In the year 2040, a little more than 20 years away, fire service technology has changed dramatically. Moore’s law, the concept regarding computer exponential doubling, is now greatly enhanced by a variety of new technologies. As computer technology continues to increase capabilities and become more miniaturized—along with broadband connectivity, data storage, app development and smart devices—the convergence factor (CF) stimulates dramatic innovation at an unprecedented acceleration. With this in mind, the following is a personal prediction of a hopeful future that lies ahead.
Embedded technology and EMS response
By 2040, the Public Safety Internet of Things (PSIoTs) is the norm. Almost every aspect of operations has embedded chips, even under the skin of firefighters. These embedded chips are integrated into the FirstNet 10G LTE wireless network and serve to monitor the health status and location of personnel. Embedded technology detects vital signs, such as core body temperatures, respirations, high blood pressure and even illnesses (heart disease, stroke, cancer, etc.), and provides an instant defibrillation for the onset of a cardiac arrest. These chips are integrated into the enhanced location services, which has an accuracy of 10 cm to include X, Y and Z (floor level) metrics.
On the EMS side, embedded technology in people detects illness and injury and provides automatic wireless alerts to EMS as to patient condition, vital signs and location. This also immediately dispatches medics/ambulance, notifies hospitals of an incoming EMS patient through the new and improved Next Generation 9-1-1 (NG911) system.
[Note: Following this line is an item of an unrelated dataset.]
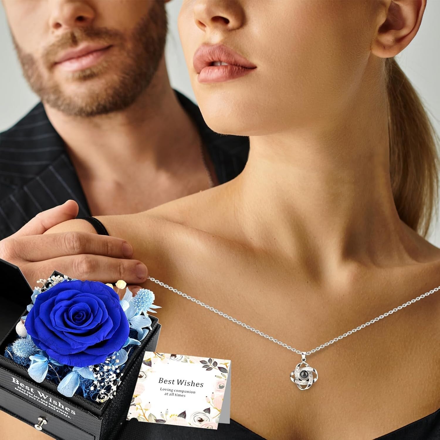 Ein Geschenk, das nicht verblüht: Die ewige Rose in Kombination mit der Halskette sorgt für langanhaltende Freude und bleibt eine bleibende Erinnerung an besondere Augenblicke.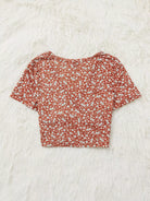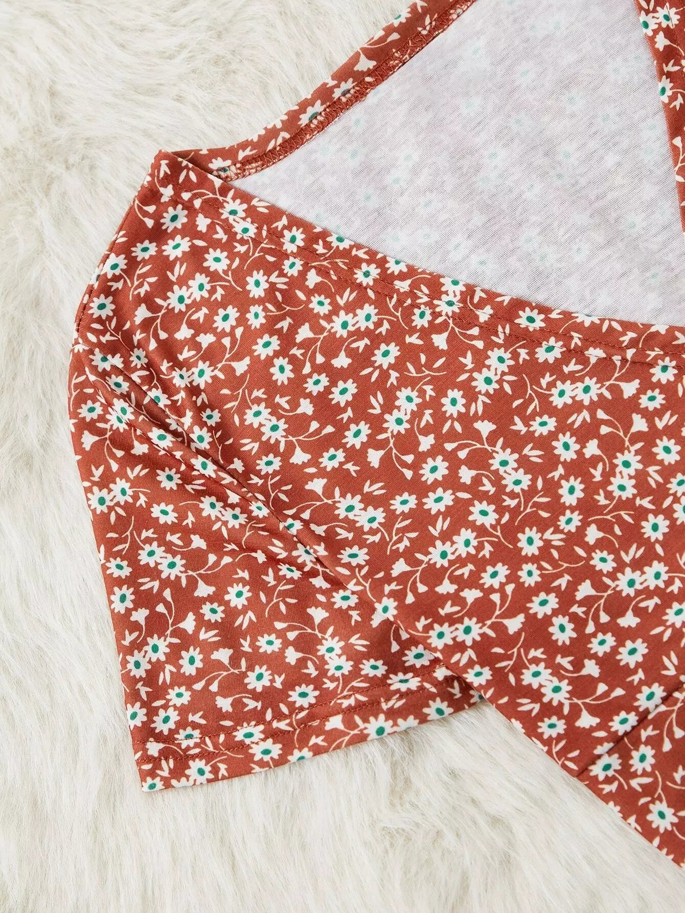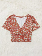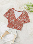 Ditsy Floral Surplice Plunging Neck Crop Tee

In a rural area, with a long travel time to the hospital, medics interact directly with patients, monitor vital signs and provide medical instructions from afar, allowing for spontaneous access to patient medical records. Simultaneously, an EMS ambulance drone is dispatched to rural areas to quickly bring medics to the scene and transport the patient to the nearest hospital. All of this communication is in the form of data and is interconnected through the NG911 FirstNet Combined System and simultaneously alerts responders and hospitals.
Apparatus features
Apparatus are powered by hydrogen cells with longer operational periods and zero emissions, eliminating engine exhaust pollutants and contaminants. Apparatus have sensing technology to detect particulates that are harmful to firefighters. Rigs are equipped with chemical, biological, radioactive, nuclear, explosive (CBRNE) detection technology and initiate notification of on-board firefighters and central dispatch centers.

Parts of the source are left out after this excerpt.